An input string is valid if:

Open brackets must be closed by the same type of brackets.

Open brackets must be closed in the correct order.

**Examples :**

a)Input: s = "()"

Output: true

Example 2:

b)Input: s = "()[]{}"

Output: true

Example 3:

c)Input: s = "(]"

Output: false

**Solution:**

var isValid = function (s) { const obj = { "}": "{", "]": "[", ")": "(", }, var stack = []; //As javascript array behaves like stack for (let i = 0; i < s.length; i++) { if (s[i] in obj) {//check 1 if (!stack.length || stack[stack.length - 1] !== obj[s[i]]) {//check 3 return false; } else stack.pop();//check 4 } else{ stack.push(s[i]);//check 2 } } return !stack.length;//check 5 };

Logic:

**We know in the javascript string can be accessed like an array.**

Suppose

s = "(]"

We have used a loop to iterate a string,

We have maintained a map object which has closing brackets as keys.

const obj={

"}":"{",

"]":"[",

")":"(",

}

**1st iteration:**

In check 1 we have a check for '(' present in obj.

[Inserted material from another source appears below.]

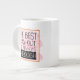 Jumbo Alguns dias, uma xícara de joe de tamanho normal simplesmente não vai funcionar. Quando precisar de uma dose extra de cafeína, pegue a sua caneca de café extragrande de Zazzle. Vai acomodar um cheio de 20 onças de Venti. Perfeito para sopa, cereal, sorvete ou chili também! Esta caneca gigante apresenta uma alça em forma de C para um corte confortável. Dimensões: Altura: 4,5" Diâmetro: 3,9" Capacidade: 20 onças de micro-ondas e lava-louças Forte, de cerâmica Cumprir ou exceder os requisitos do FDA para o Designer de Segurança de comidas e bebidas Dica: Para garantir o impressão de alta qualidade, note que a área de design personalizável deste produto mede 4" alto x 10,5" de largura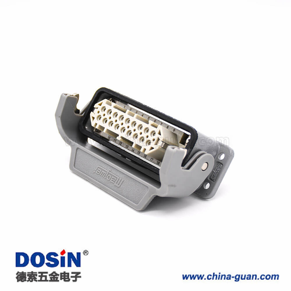 標簽:H16A重載連接器,開孔安裝,高結構斜出口,塑料鐵扣,兩耳,單扣,公母對接,18芯,鍍銀,PG21

It is not present so we have pushed '(' in the stack (**check 2** executed).

**2nd iteration:**

In check 1 we have a check for ']' present in obj.

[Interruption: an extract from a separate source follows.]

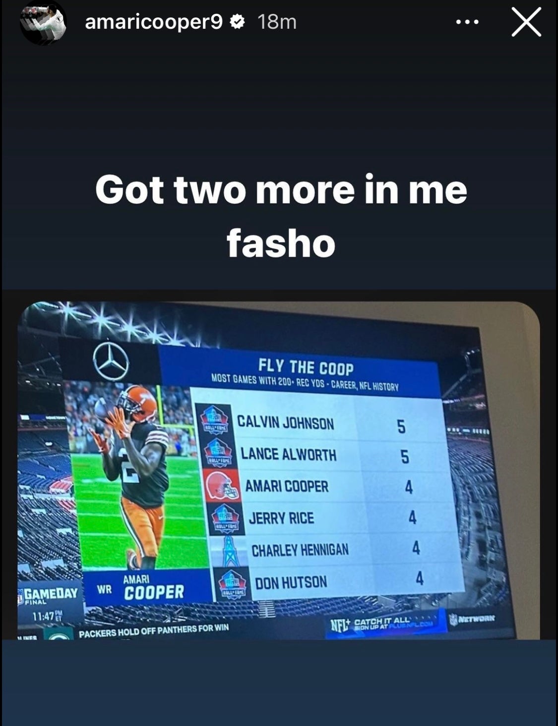 A day after he went off for 11 catches and 265 receiving yards with two touchdowns, Cooper shared that he can break an NFL record. The Pro Bowl-level wide receiver took to Instagram to share.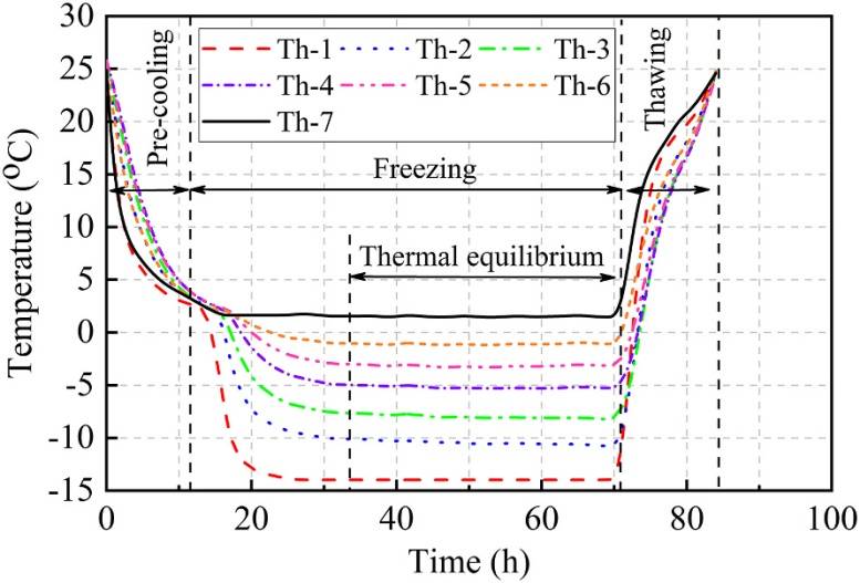 3.凍結過程持續了60小時,以達到熱平衡,使得每個監測點的溫度穩定下來。

It is present. So moving towards **check 3** we have used **2 OR conditions.**

**Why these 2 OR conditions?**

**1st is** if the stack is empty then return false. (That means there was nothing in the stack. There might be a case where s='}{}'. So here the first bracket is the closing bracket so no need to check further as we can conclude that it is not a valid string so return false)

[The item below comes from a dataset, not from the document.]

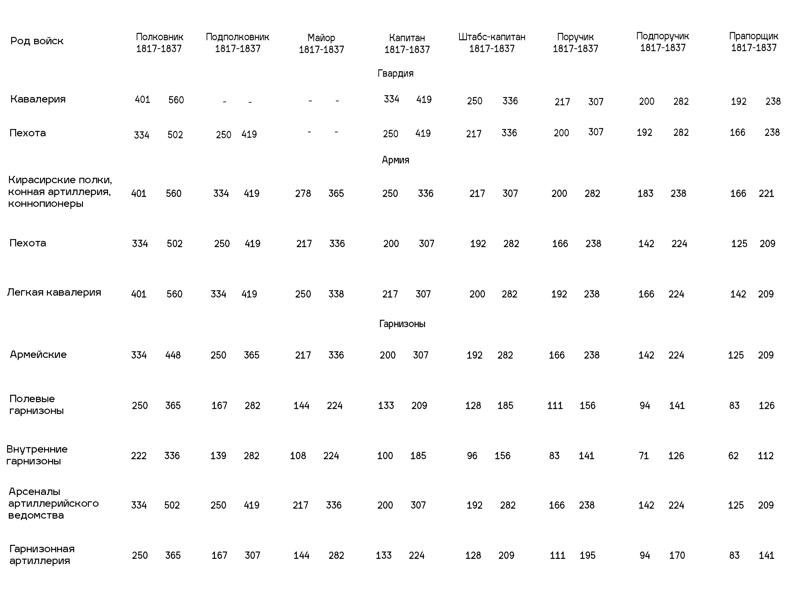 Жалованья офицеров в разных родах войск также были неравнозначными. Из данных таблицы видно, что оклады кавалеристов выше, чем в пехоте, а в армейских частях выше чем в гарнизонных. Для сравнения, в 1817 г. полковник кавалерии получал 401 серебряный рубль, пехотинец того же ранга – 331 руб., в армейских частях – 401 руб., в гарнизонных – 334 руб.

**2nd** is if stack not empty but if the last element in the stack is not equal to obj[s[i]] then return false(Not valid . Mismatch in order of opening and closing).

That means if s='{}'

then the stack will contain { in 1st iteration. So in the second iteration stack length will not be empty but obj[s[i]]==stack[stack.length-1]. So we will execute **check 4 (pop the stack). So in this case where s='{}' stack will be empty after all iterations i.e 2. **We will **execute check 5** and will return true as !stack. length(0) will be true.

**Let's come back to our example where s='(]' 2nd interaction:**

**Here the 2nd OR condition will satisfy which means it is not a valid string(mismatch in order so return false).**

I hope you like this article. Please stay connected for more such articles.

If any doubts please let me know in the comment section.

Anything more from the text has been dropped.